Губы Анубиса слегка тронула улыбка, и подначил подругу:
— Ты злишься на неё только потому, что она отказала тебе в предсказании? Но ведь это её право, она может соизволить, и ты будешь видеть свою судьбу, хотя зачем тебе это надо, всесильная и вечная Бастет, берущая от жизни всё, что только ни захочет?
— Зато тебе она благоволит, — с ноткой зависти ответила она ему. — Ты мрачен, нелюдим и вечно торчишь в своём нижнем Дуате, почему старушка так печётся о тебе?
— Спроси её сама, — немного свысока, — я же принимаю её дар без вопросов, как и она мой.
— Может, тогда с Нефтидой? — спросила она очень осторожно, проследив за тем, изменилось ли выражение лица Инпу.
Тот выпрямился и до остроты челюсти сомкнул зубы.
— Я не буду советоваться с этой женщиной, — глухо проговорил он.
— Эта женщина — твоя мать, — напомнила ему Бастет, сочувствующе кладя руку на его.
— Моя мать — Исида, та, что спасла и вырастила, — Анубис убрал её ладонь и одним движением поднялся, отходя к выходу на огромный балкон.

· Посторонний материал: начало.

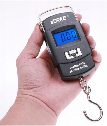 Waga hakowa posiada zakres ważenia do 50 kg z dokładnością 5 g. Urządzenie posiadaduży i wyraźny wyświetlacz LCD z podświetleniem.

— Почему же ты не злишься так на отца, как зол на неё? — она плавно встала и двинулась за ним, пытаясь успокоить.
Он почувствовал, как от неё исходят волны умиротворения, и чуть встряхнул головой.
— Не надо… — тихо попросил мужчина. — Я сам.
— Прости, что всколыхнула… — Бастет сделала пас рукой, как будто втягивая в себя обратно силу, расплескавшуюся сейчас в этих стенах. — Я хотела помочь, но подумай над тем, что нам всем свойственно ошибаться, даже будучи трижды богами; я уверена, она сожалеет о том, что когда-то младенцем бросила тебя, но Сет поступил и поступает с тобой хуже того…
— Он хотя бы честен, — Анубис сглотнул горький ком, подступивший к горлу. — Богу войны ни к чему сантименты, ни к чему привязанность, да и он почти не воспитывал меня…
— Ты его единственный сын, — напомнила Бастет.
— Я не жду ни от Сета, ни от Нефтиды любви к себе, мне достаточно того, что отец делится своей мудростью со мной, а я всегда буду хорошим сыном, несмотря на их чувства ко мне и мои к ним, — произнёс Инпу, прямо смотря в глаза богине-кошке.
— Нефтида — богиня подсознания, смерти, тех мест, о которых ни ты, ни Осирис даже не подозреваете, она может знать даже больше, чем всесильный Зелёный…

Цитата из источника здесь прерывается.